Friday, July 02, 2010

Love in July

Strolled the Chelsea openings last night, mostly headed for Christmas in July show at Yvonne Lambert gallery. From the opening window with a whirling xmas tree that trashes is ornaments as they fly across the room, the show did not disappoint. Given the present climate of the artworld, it felt like Christmas was precisely the remedy to the malaise. Few Santas, surprisingly but a lot of trees and lights. Some gestures were forced than others (the red and green Lynda Benglis became a melted tree, or as d questioned "the wicked witch?" Not so much). We popped into Narcissister's neighboring performance in an exhibiition entitled Sirens, mid-go. I'm short and could not make out all that much beyond the wall of homospectators, but the palpable energy and wild gestural grace that we have come to expect from her were well intact. I became aware of her only recently through her fabulous, I'm Every Woman video in which she removes articles of clothing from her birth canal and slinkily slips them on. All to Chaka Kahn, of course. My only available sight last night - Ciss hurling herself against an adolescent bedroom set plastered with teenage male hearthrobs and a pin-up of her own plasticine presence (she wears a plastic mask and tits). She was undulating like a spastic stripper against these fliers, smoothing her fingers over her printed image, then later, over a rubber mask. I can't speak to the nuances of the content, precisely, but her performative agility was remarkable. Other Chelsea treats... not so much. I found myself remarking at one 27th street gallery, "Oh, I forgot... It's July!" Still. There's no excuse.
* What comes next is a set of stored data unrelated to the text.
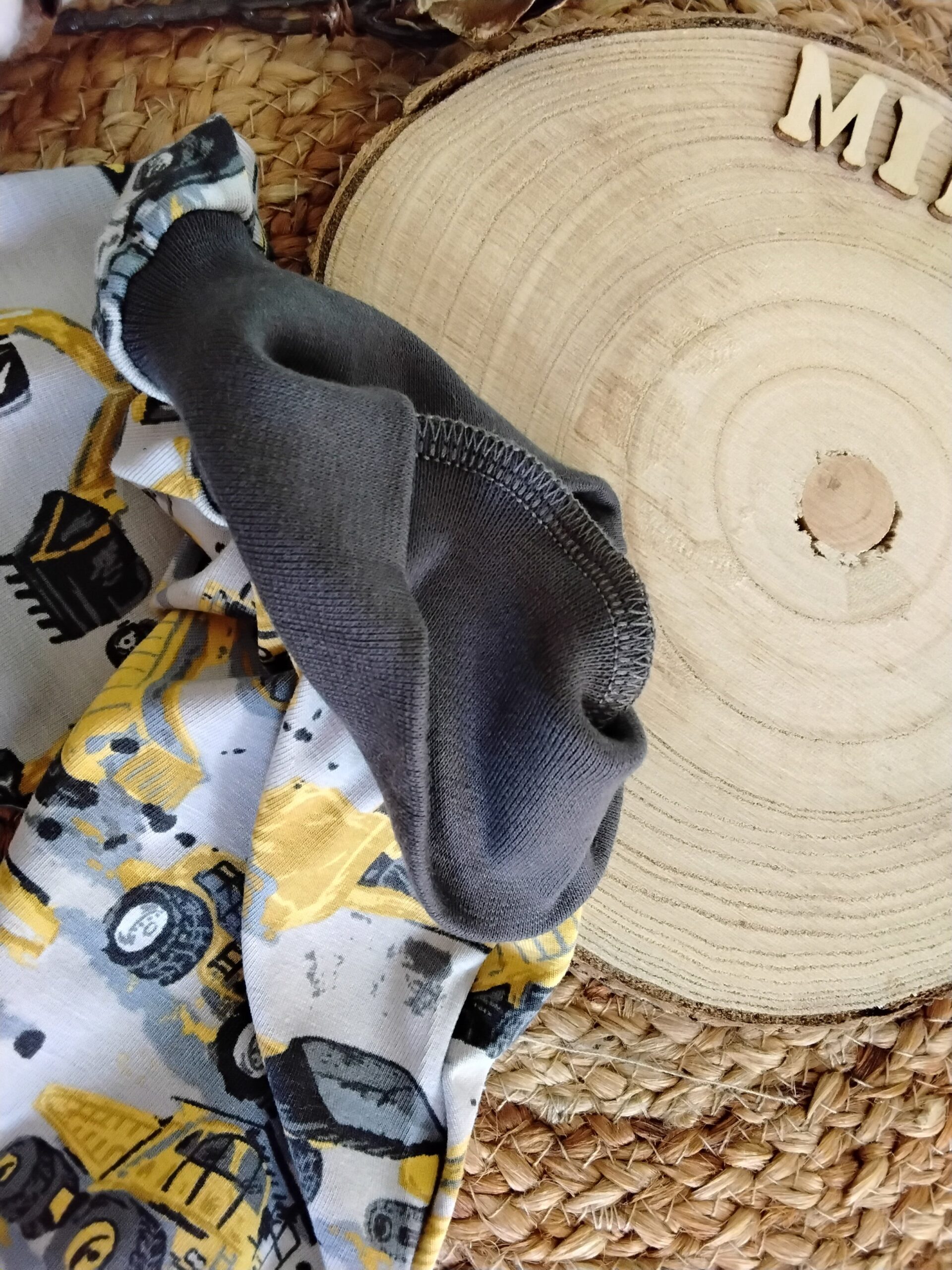 Alle beiden Teile sind aus Jerseystoff genäht. Dieser besteht zu 95% aus Baumwolle und zu 5% Elasthan.
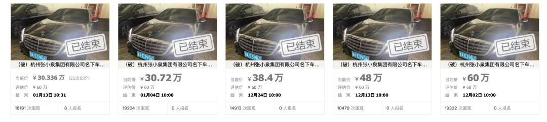 百年老字号张小泉控股股东名下的豪车迈巴赫S400,在历经5次拍卖后最终在1月13日以约30万元的价格被拍出。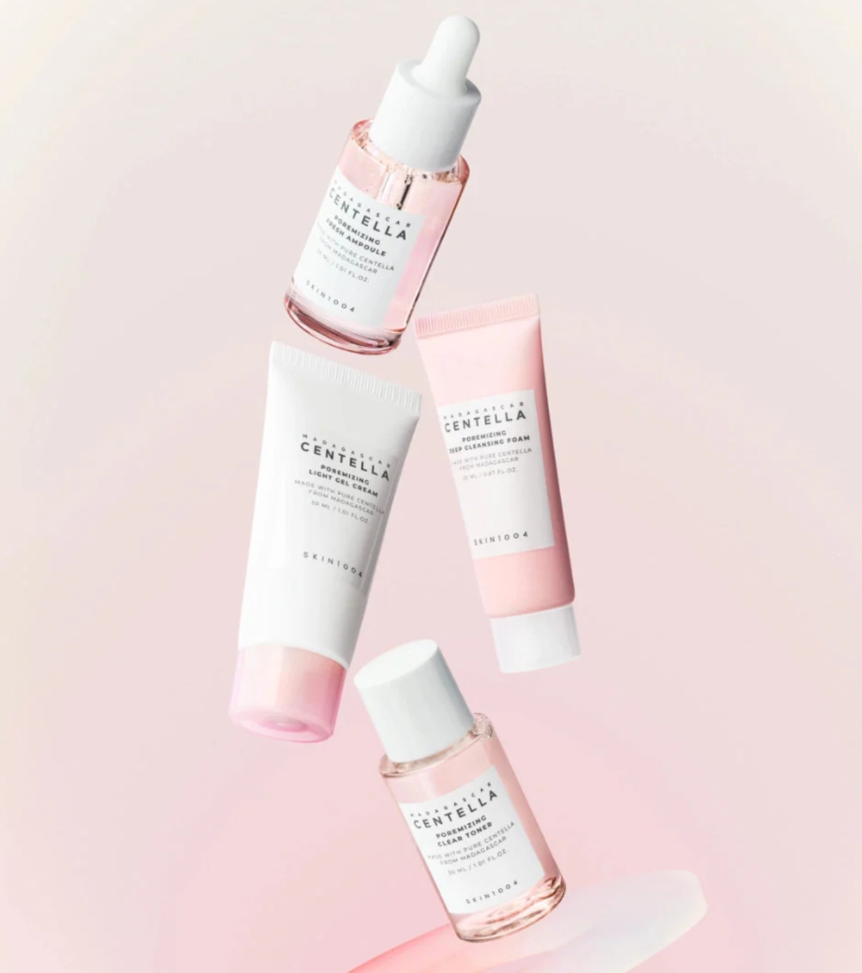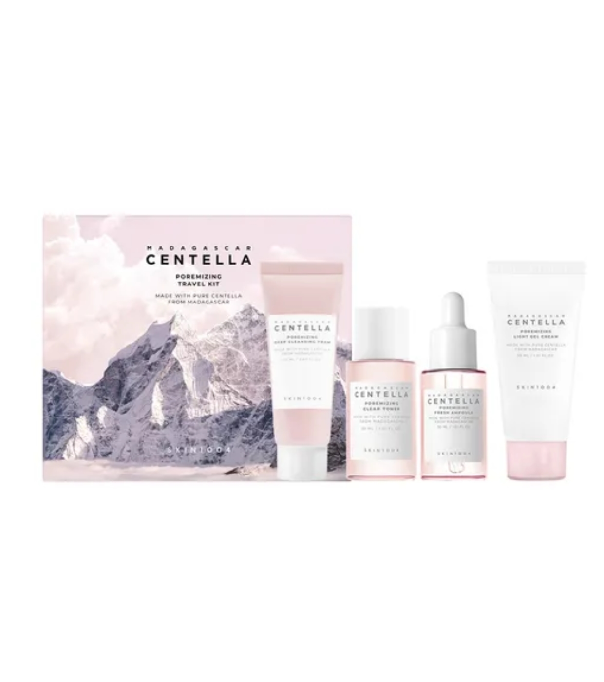 Descubra uma rotina completa para purificar a sua pele e minimizar a aparência dos poros com o Madagascar Centella Poremizing Travel Kit da SKIN1004 .

Hopped over to Envoy Enterprises' Troll group show dedicated to works of art on trolling long enough to hear someone ask if "that's a Francis Bacon?" Then I had some dumplings.

Headed over to Sunshine cinema for the new Tilda Swinton movie, which didn't get very good reviews but looked sumptuous and was described as a remake of Pasolini's Teorema of sorts. This ponderous movie didn't so much irk me as leave me wanting. First-time feature filmmaker Luca Guadagnio knows how to close in on sumptuous objects like food, couture and jewels(or Tilda and her male costars), but he doesn't possess the grace for this glorious meditation on objecthood to amount to much. The film has some rather obtuse ideas about philosophy best summed up in a sequence that Fred Halstead did 10 times better in his LA Plays Itself (1972). Tilda and her truly beautiful beau make love in the wilderness. See, she's tethered to this family rooted in commerce (they're benevolent fabric factory owner) and he's a chef who brings out the essential flavors of earthy foods like eggplant. So when they fuck, Guadagnio's camera looms close on Tilda's imperfect form and white flesh, contrasted with images of the delicate creatures of nature, beetles, bugs and lovely things frolicking amongst the sunkist soil. Brooks run and grass sways. And then we cut to a business deal done over the London skyline. It's a cut so abrupt (though welcome from the plodding editing of the love scene) and obvious in its message that you lose interest in much of the auteur potential of the film, since all of the issues are handled with this clumsy literalness.

The bulbous ending has something of affect to it, but it SO wins this year's A Single Man award for attempting to employ OTT music to do the work for you. Swinton scampers up to the house, not unlike Laura Betti in Teorema, and there's some interesting energy exhibited in the film's closing, but the divide between these rose-tinted figures of emancipation (who clutch palms to their love-filled bellies as a solidarity pact) and the stoic Italian family is an argument placed in such obvious terms that it nullifies any of the pseudo-lofty ideas about love that Guadagnio might have. It made me yearn for the Carringtons, who, contrasted with this flic, did keep it all in the family - Blake and Crystal were at once both these things. Leaving Tilda to vanish into a gold-hued carpet as if a glint of love, herself, rematerializing, yes, literally, in the cave of love with her amore. Love love love...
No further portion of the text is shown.